PROMPT:
Output the data word for word, dropping every image.

GIVEN INFORMATION:
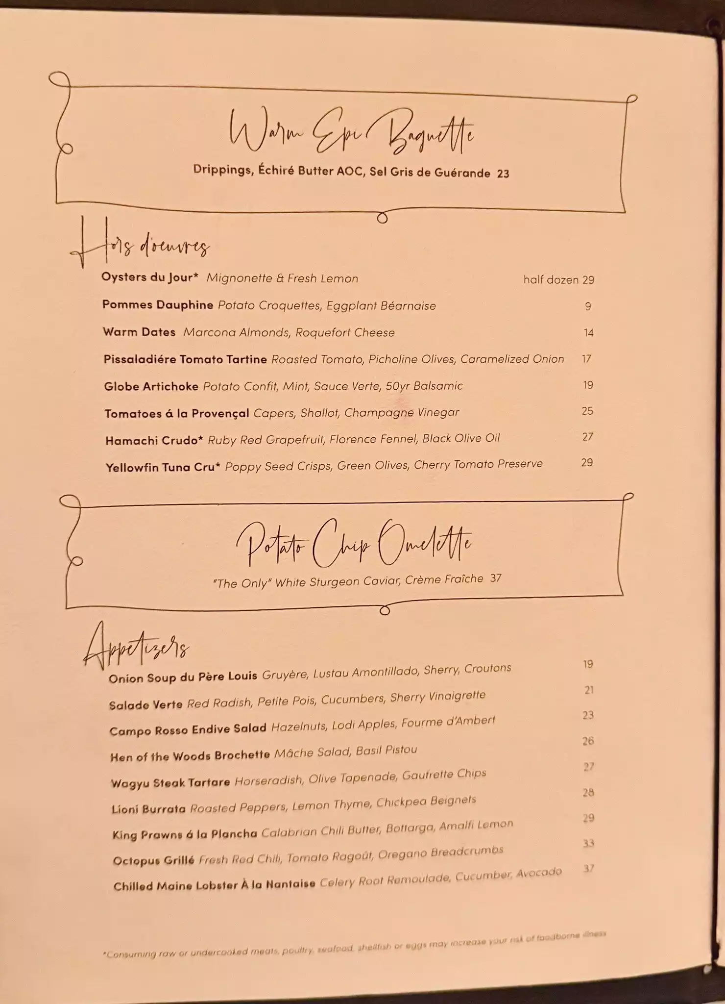 We had a wonderful experience. Food and service were on point. We enjoyed all the dishes. Started with delicious baby artichokes and the innovative potato chip omelette which was enhanced by the addition of caviar. We shared the bouillabaisse and the rotisserie chicken. Both were delicious and were generous portions. The bread on the table was a satisfying warm loaf of goodness. Our waiter was knowledgeable and attentive. We keep getting checked on by what I assume was the manager who made sure we were happy with everything and was pleasant to chat with. He gave us a brief and interesting history of the restaurant. I look forward to a return visit.
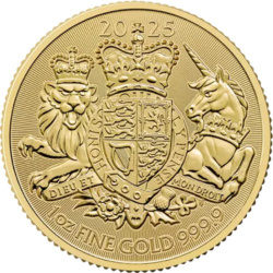 1 uncja złotej monety The Royal Arms 2025 – brytyjska emisja próby 999,9. Doskonała inwestycja i kolekcjonerska perełka z prestiżowej mennicy The Royal Mint.
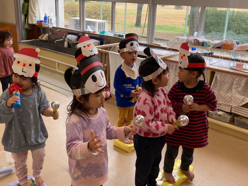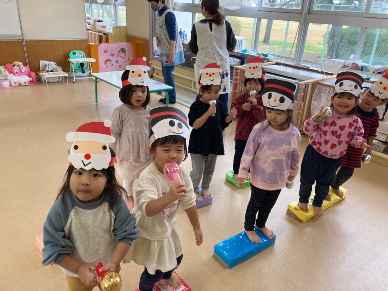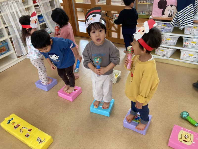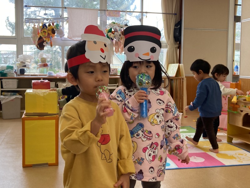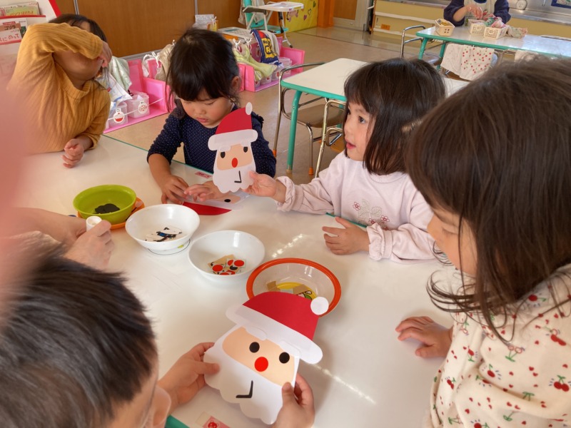 完成したお面をかぶると、気分はすっかりクリスマス♪カラオケコーナーでは、知っている歌が流れると自然と子どもたちが集まり、リズムに合わせて元気いっぱいに歌う姿がとてもかわいらしかったです💞

RESULT:
 We had a wonderful experience. Food and service were on point. We enjoyed all the dishes. Started with delicious baby artichokes and the innovative potato chip omelette which was enhanced by the addition of caviar. We shared the bouillabaisse and the rotisserie chicken. Both were delicious and were generous portions. The bread on the table was a satisfying warm loaf of goodness. Our waiter was knowledgeable and attentive. We keep getting checked on by what I assume was the manager who made sure we were happy with everything and was pleasant to chat with. He gave us a brief and interesting history of the restaurant. I look forward to a return visit.
 1 uncja złotej monety The Royal Arms 2025 – brytyjska emisja próby 999,9. Doskonała inwestycja i kolekcjonerska perełka z prestiżowej mennicy The Royal Mint.
 完成したお面をかぶると、気分はすっかりクリスマス♪カラオケコーナーでは、知っている歌が流れると自然と子どもたちが集まり、リズムに合わせて元気いっぱいに歌う姿がとてもかわいらしかったです💞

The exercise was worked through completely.